▸ WHAT THE TASK REQUIRES
The full listing, minus its pictures, should be printed again exactly as it stands.

▸ DATASET EXCERPT
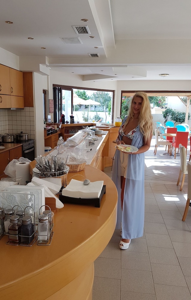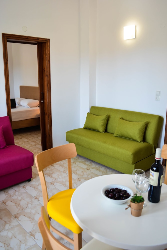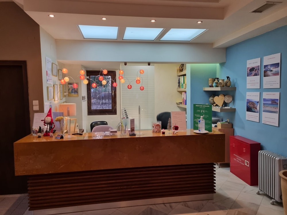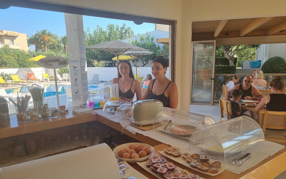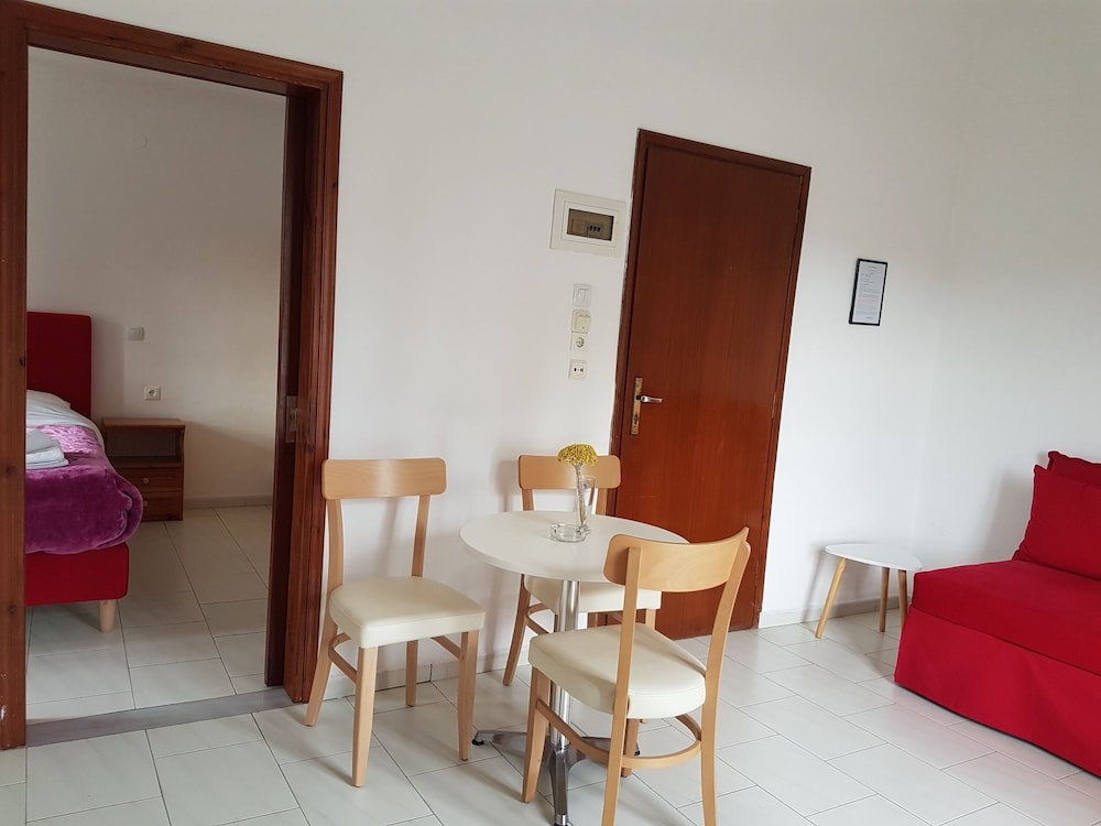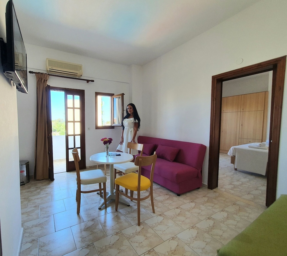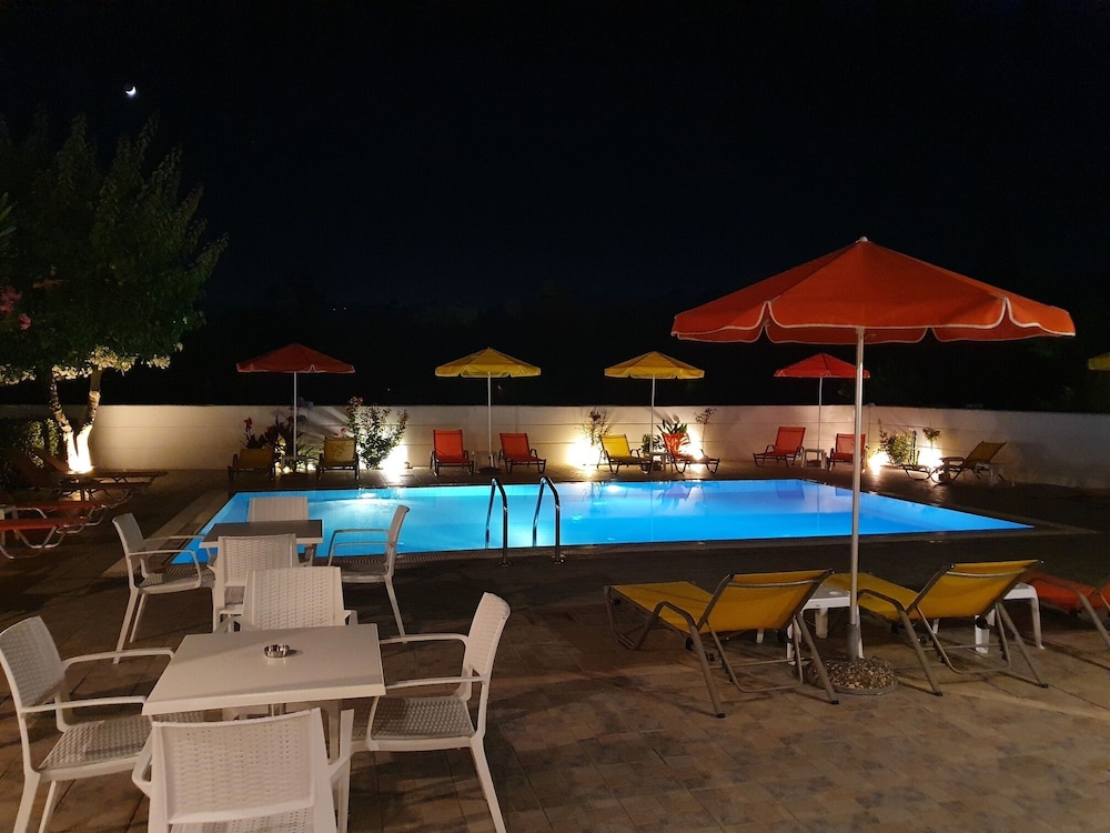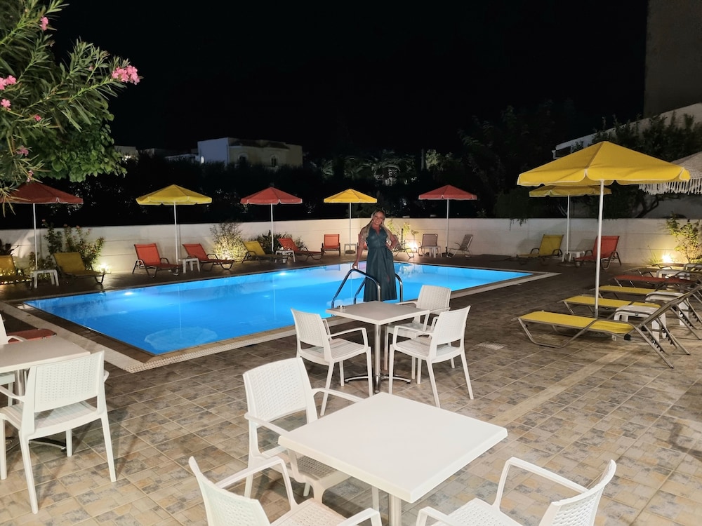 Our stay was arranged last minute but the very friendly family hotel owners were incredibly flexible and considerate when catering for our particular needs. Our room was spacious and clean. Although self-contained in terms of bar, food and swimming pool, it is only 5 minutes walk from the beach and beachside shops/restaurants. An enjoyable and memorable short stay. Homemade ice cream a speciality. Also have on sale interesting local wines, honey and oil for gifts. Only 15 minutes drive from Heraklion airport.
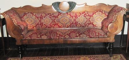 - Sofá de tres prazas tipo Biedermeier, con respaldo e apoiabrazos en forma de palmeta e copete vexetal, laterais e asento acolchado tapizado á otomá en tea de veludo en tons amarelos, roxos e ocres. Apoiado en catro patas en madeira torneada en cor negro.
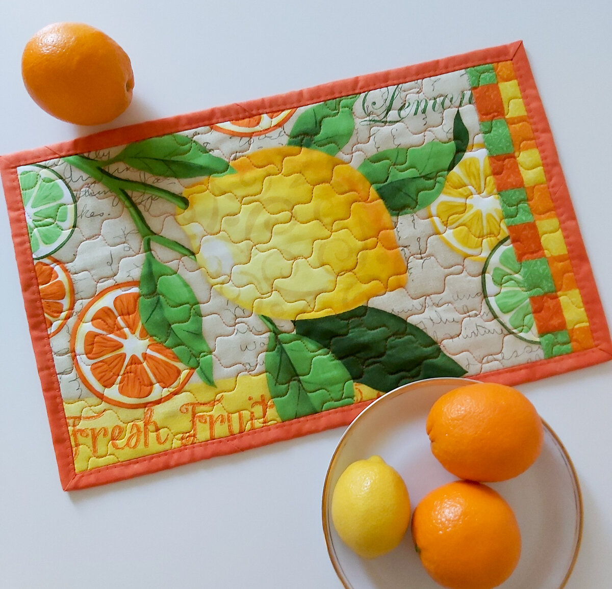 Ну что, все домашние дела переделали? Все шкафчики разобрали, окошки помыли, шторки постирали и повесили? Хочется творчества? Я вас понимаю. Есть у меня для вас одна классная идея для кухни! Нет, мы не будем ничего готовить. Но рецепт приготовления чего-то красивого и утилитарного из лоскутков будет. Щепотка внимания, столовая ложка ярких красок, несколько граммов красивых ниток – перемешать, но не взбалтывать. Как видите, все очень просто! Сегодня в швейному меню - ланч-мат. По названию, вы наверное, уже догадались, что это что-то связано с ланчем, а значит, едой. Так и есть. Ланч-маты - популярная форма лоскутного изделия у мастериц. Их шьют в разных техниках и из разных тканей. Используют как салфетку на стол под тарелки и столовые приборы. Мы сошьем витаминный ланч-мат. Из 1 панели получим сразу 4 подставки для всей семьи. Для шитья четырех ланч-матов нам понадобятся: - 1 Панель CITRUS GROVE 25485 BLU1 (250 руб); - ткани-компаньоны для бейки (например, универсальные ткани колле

▸ EXERCISE RESULT
 Our stay was arranged last minute but the very friendly family hotel owners were incredibly flexible and considerate when catering for our particular needs. Our room was spacious and clean. Although self-contained in terms of bar, food and swimming pool, it is only 5 minutes walk from the beach and beachside shops/restaurants. An enjoyable and memorable short stay. Homemade ice cream a speciality. Also have on sale interesting local wines, honey and oil for gifts. Only 15 minutes drive from Heraklion airport.
 - Sofá de tres prazas tipo Biedermeier, con respaldo e apoiabrazos en forma de palmeta e copete vexetal, laterais e asento acolchado tapizado á otomá en tea de veludo en tons amarelos, roxos e ocres. Apoiado en catro patas en madeira torneada en cor negro.
 Ну что, все домашние дела переделали? Все шкафчики разобрали, окошки помыли, шторки постирали и повесили? Хочется творчества? Я вас понимаю. Есть у меня для вас одна классная идея для кухни! Нет, мы не будем ничего готовить. Но рецепт приготовления чего-то красивого и утилитарного из лоскутков будет. Щепотка внимания, столовая ложка ярких красок, несколько граммов красивых ниток – перемешать, но не взбалтывать. Как видите, все очень просто! Сегодня в швейному меню - ланч-мат. По названию, вы наверное, уже догадались, что это что-то связано с ланчем, а значит, едой. Так и есть. Ланч-маты - популярная форма лоскутного изделия у мастериц. Их шьют в разных техниках и из разных тканей. Используют как салфетку на стол под тарелки и столовые приборы. Мы сошьем витаминный ланч-мат. Из 1 панели получим сразу 4 подставки для всей семьи. Для шитья четырех ланч-матов нам понадобятся: - 1 Панель CITRUS GROVE 25485 BLU1 (250 руб); - ткани-компаньоны для бейки (например, универсальные ткани колле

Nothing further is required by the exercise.